| Try it |
Could you return all of the entries word for word, minus any pictures?
*** Extracted entries Section Begins ***
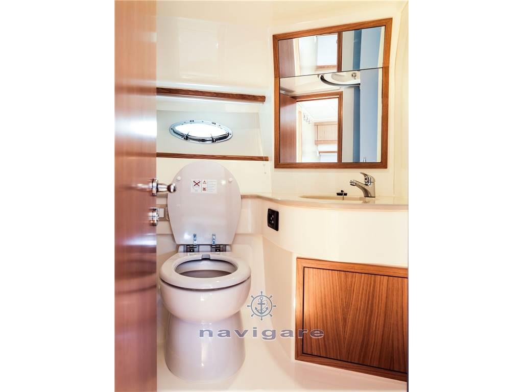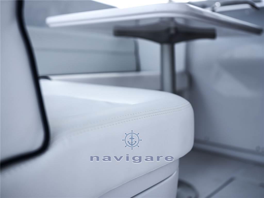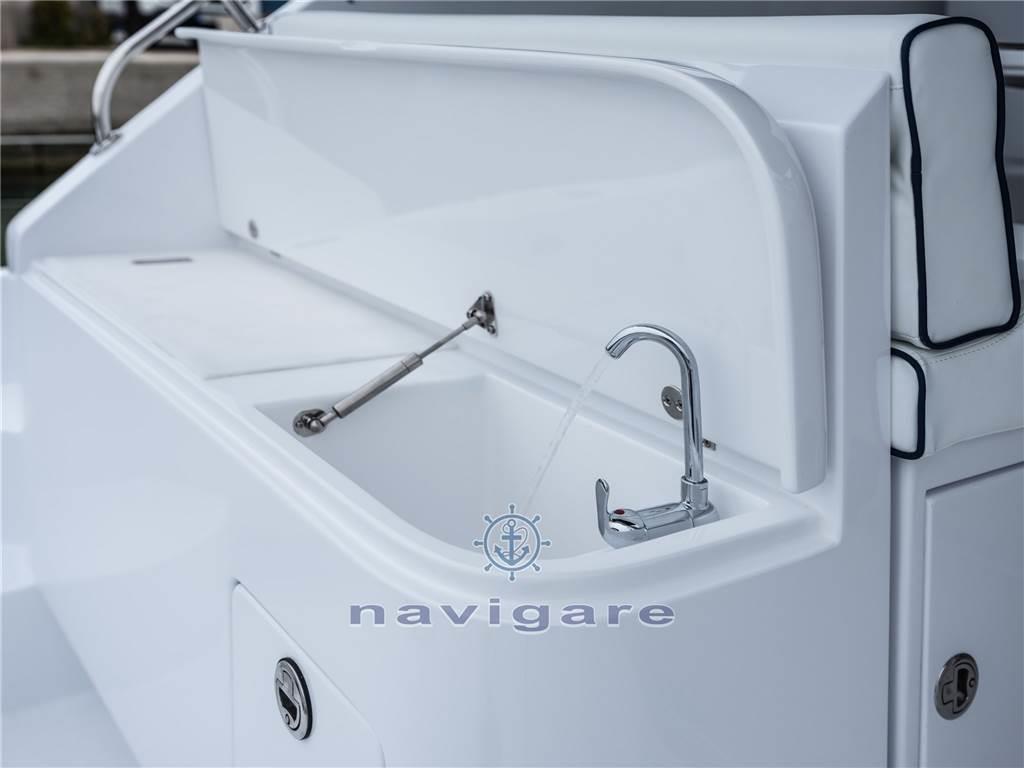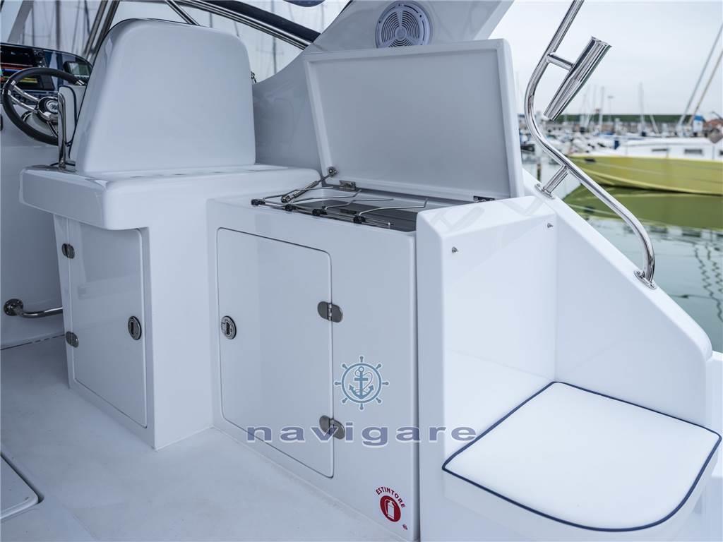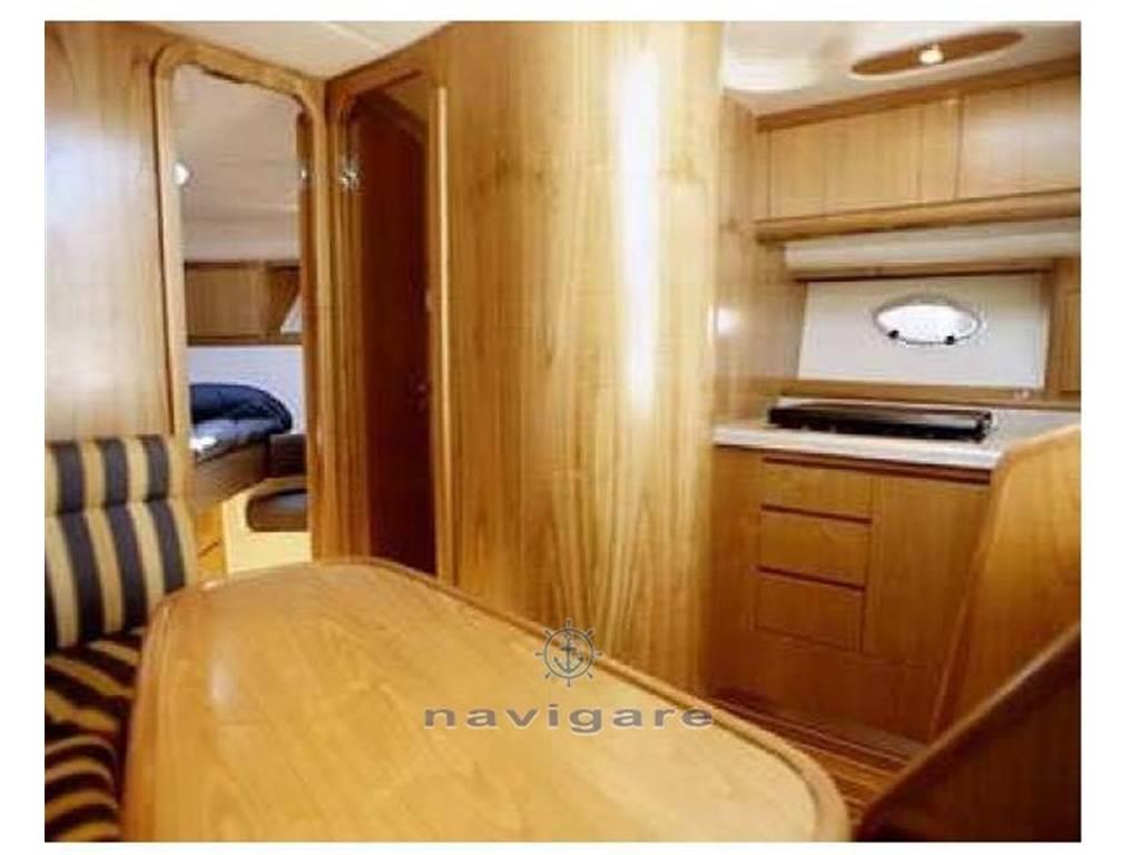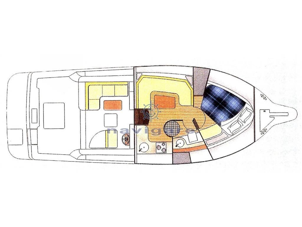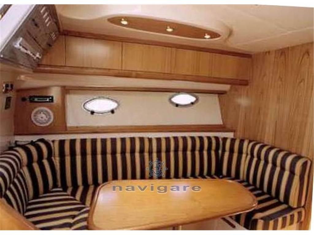 La linea pulita e slanciata, buona abitabilità e prestazioni, è caratterizzato da ampi spazi esterni organizzati e funzionali. All'interno una cabina di prua ampia, ben disposta e luminosa, con rivestimenti in chiaro legno di rovere o a scelta del cliente.
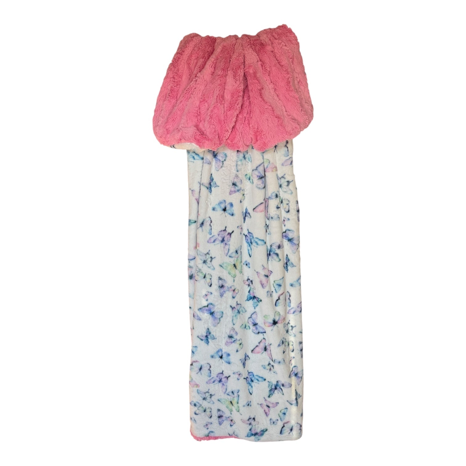 This minky fabric bursts with charming and whimsical butterflies and your choice of three fun fabrics for the flipside.
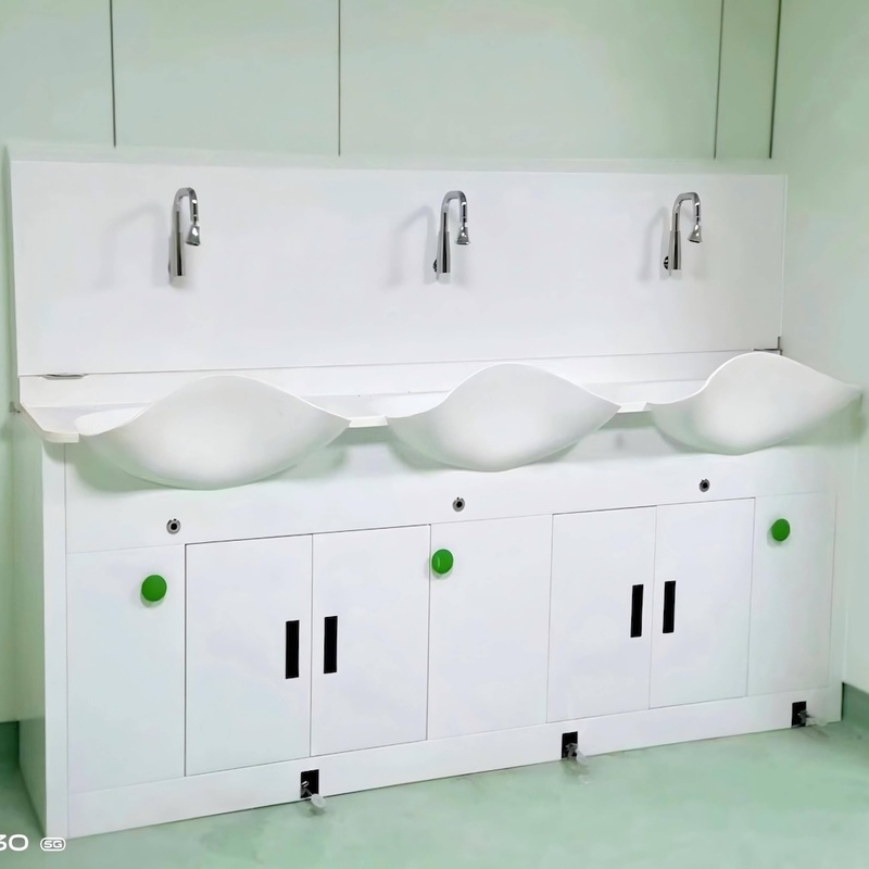Ergonomic Design Options: Available in multiple configurations, including monolithic straight models and wave-shaped basin types, tailored for both single and multi-user applications.
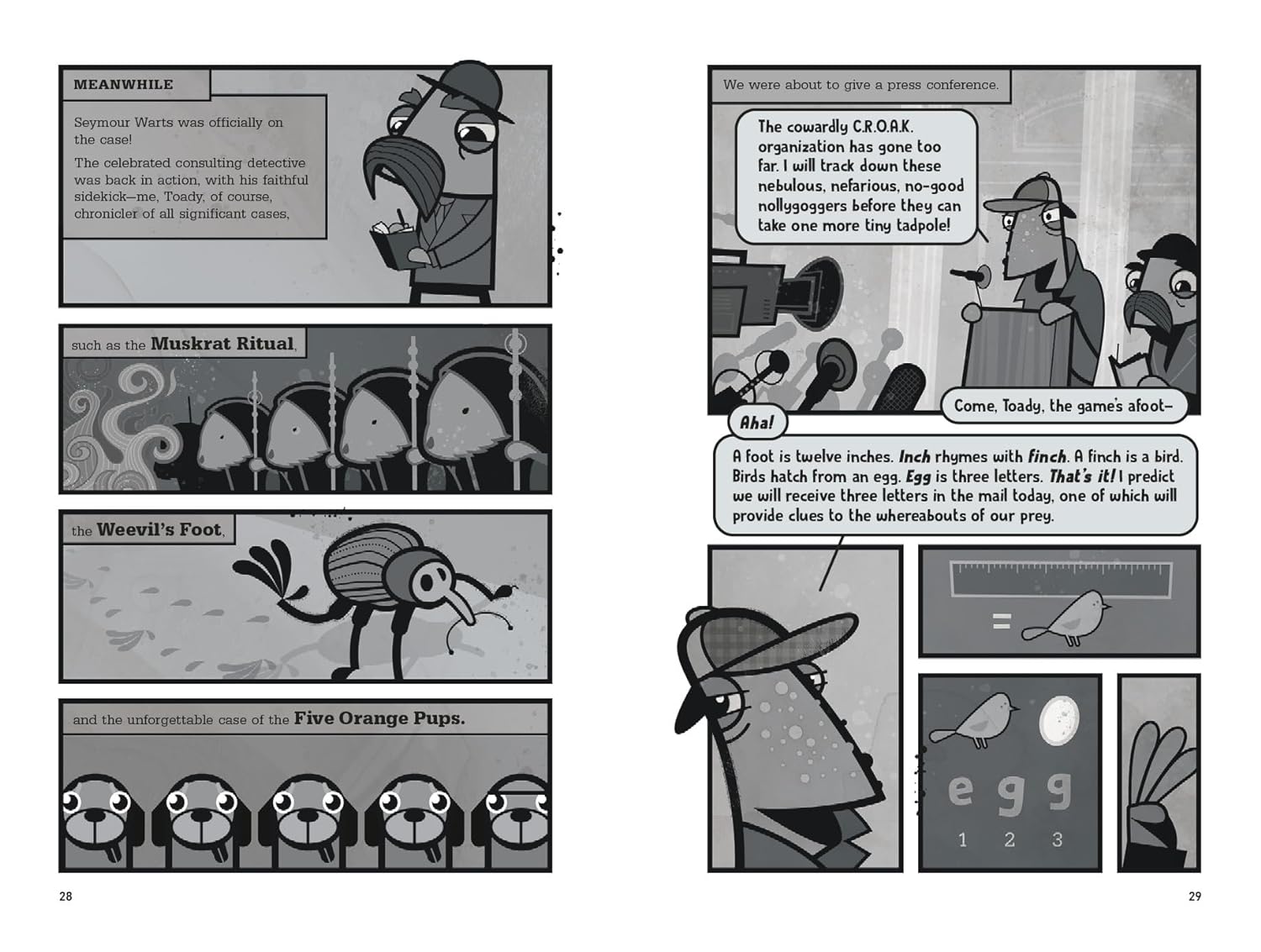 Finder the tree frog absolutely loves solving mysteries. So when all the animals in Belly Acre Bog mysteriously disappear overnight, Finder and her friends Chopper and Keeper are toad-ally on the case. But when Seymour Warts, the world's greatest detective and Finder's hero, arrives on the scene and begins his own investigation, the young creature finders soon realise that this mystery could be even bigger than their little bog!
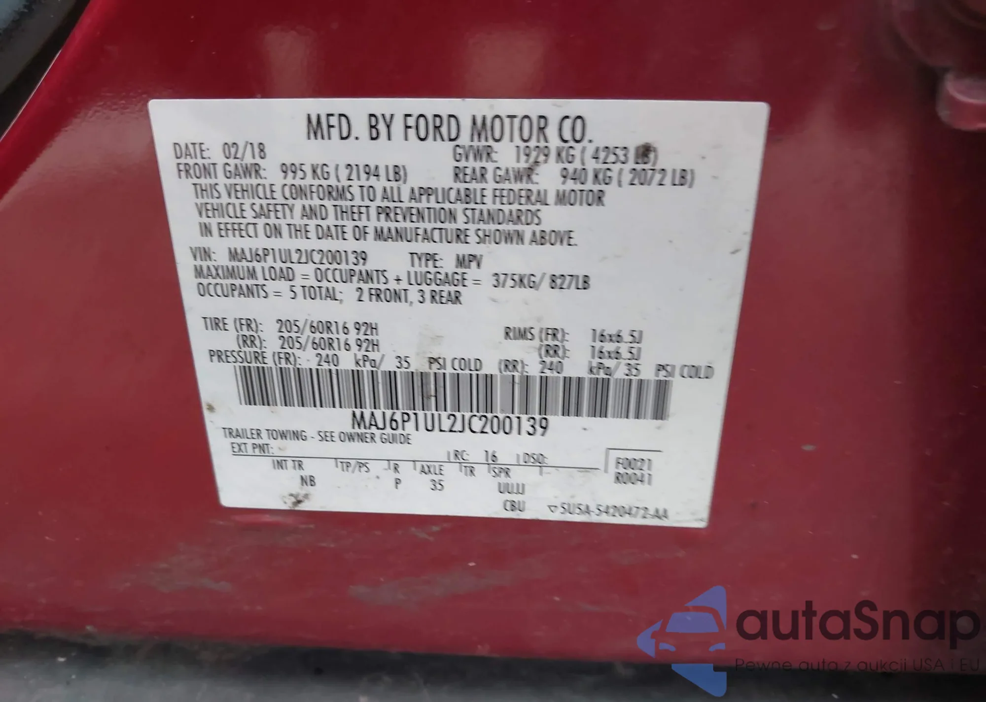 • VIN MAJ6P1UL2JC200139
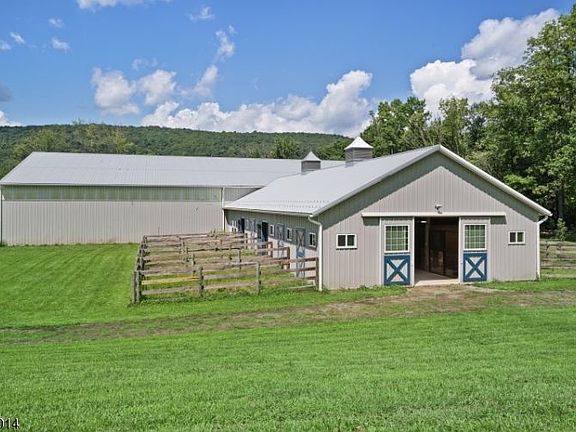 State of the art, farm accessed Equestrian Facility all set on a private 17.6-acres. Features include a Kistler built 10 stall barn, with 6 oversized split rail paddocks and a beautiful view of the mountains, 6 stalls are 12x12, 4 are 12x14, all with rubber mats, dutch doors, and paddocks. A wash stall with hot and cold water, heated tack room that overlooks the attached 80 x 180 indoor arena that features an open trussed ceiling, dust-free Tru-stride footing (a 30k purchase) lights and fans. A 30x40 Morton barn with 2 rooms, heated and 1 plumbed. Also, included is a 1786 small updated colonial, loaded w charm! 1.9 miles to Rt 31, 2 miles to Rt 57, 10 minutes to Hackettstown and 19min to Rt 78, gives you close access to the train, shopping, and highways. Truly the best of equine facilities.
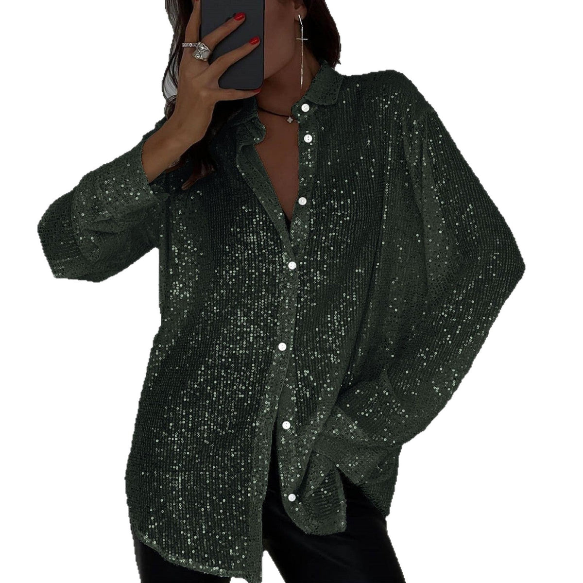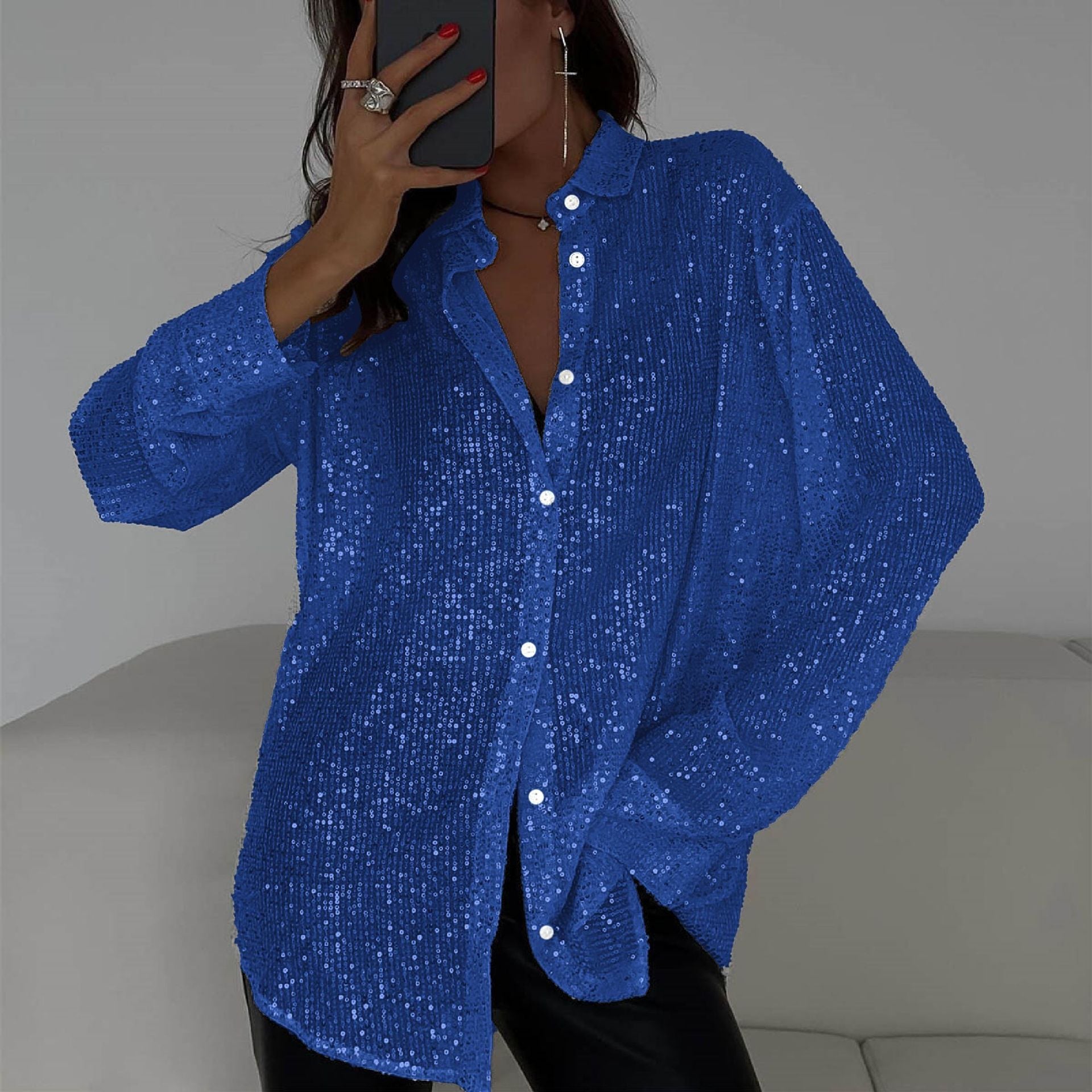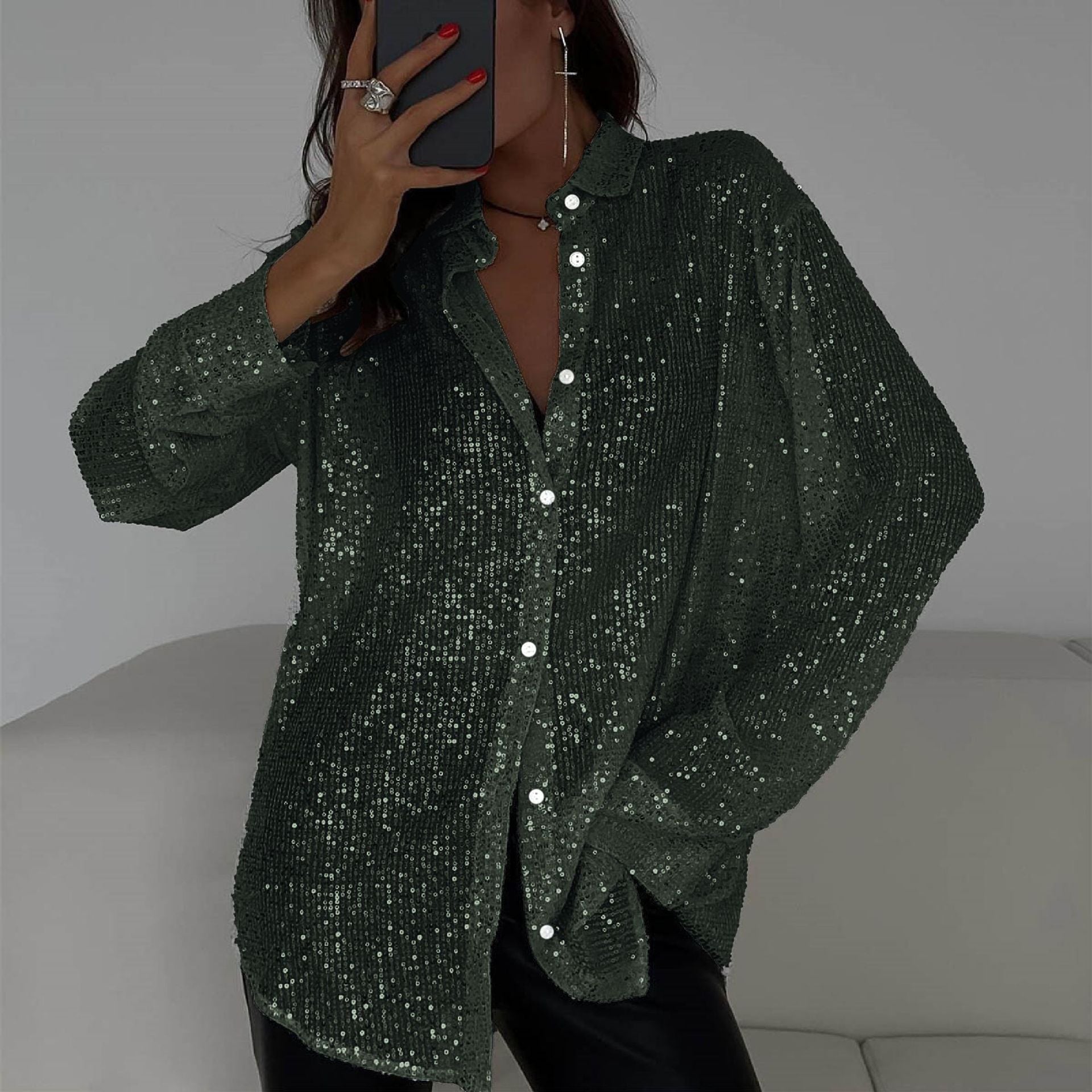 Shine bright wherever you go with this ✨ 2025 Women's Fashion Sequin Shirt Jacket, designed with a classic lapel and long sleeves for a bold, stylish statement.
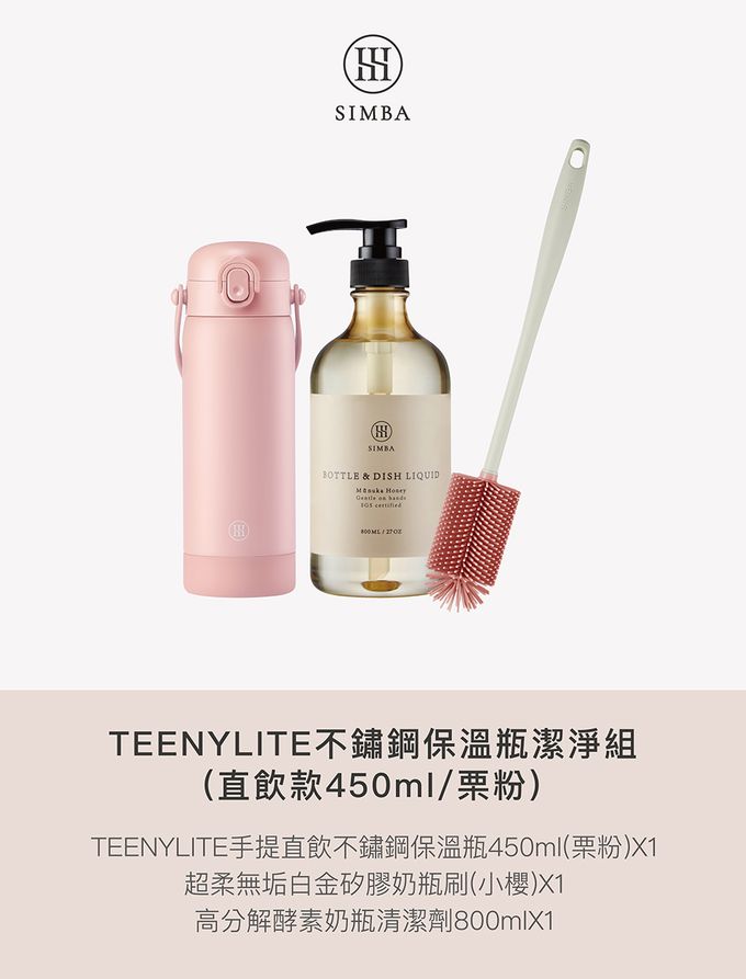 內容物:TEENYLITE手提直飲不鏽鋼保溫瓶450mlX1+超柔無垢白金矽膠奶瓶刷X1+高分解酵素奶瓶清潔劑800mlX1
*** Extracted entries Section Ends ***
| Output of the exercise |
 La linea pulita e slanciata, buona abitabilità e prestazioni, è caratterizzato da ampi spazi esterni organizzati e funzionali. All'interno una cabina di prua ampia, ben disposta e luminosa, con rivestimenti in chiaro legno di rovere o a scelta del cliente.
 This minky fabric bursts with charming and whimsical butterflies and your choice of three fun fabrics for the flipside.
Ergonomic Design Options: Available in multiple configurations, including monolithic straight models and wave-shaped basin types, tailored for both single and multi-user applications.
 Finder the tree frog absolutely loves solving mysteries. So when all the animals in Belly Acre Bog mysteriously disappear overnight, Finder and her friends Chopper and Keeper are toad-ally on the case. But when Seymour Warts, the world's greatest detective and Finder's hero, arrives on the scene and begins his own investigation, the young creature finders soon realise that this mystery could be even bigger than their little bog!
 • VIN MAJ6P1UL2JC200139
 State of the art, farm accessed Equestrian Facility all set on a private 17.6-acres. Features include a Kistler built 10 stall barn, with 6 oversized split rail paddocks and a beautiful view of the mountains, 6 stalls are 12x12, 4 are 12x14, all with rubber mats, dutch doors, and paddocks. A wash stall with hot and cold water, heated tack room that overlooks the attached 80 x 180 indoor arena that features an open trussed ceiling, dust-free Tru-stride footing (a 30k purchase) lights and fans. A 30x40 Morton barn with 2 rooms, heated and 1 plumbed. Also, included is a 1786 small updated colonial, loaded w charm! 1.9 miles to Rt 31, 2 miles to Rt 57, 10 minutes to Hackettstown and 19min to Rt 78, gives you close access to the train, shopping, and highways. Truly the best of equine facilities.
 Shine bright wherever you go with this ✨ 2025 Women's Fashion Sequin Shirt Jacket, designed with a classic lapel and long sleeves for a bold, stylish statement.
 內容物:TEENYLITE手提直飲不鏽鋼保溫瓶450mlX1+超柔無垢白金矽膠奶瓶刷X1+高分解酵素奶瓶清潔劑800mlX1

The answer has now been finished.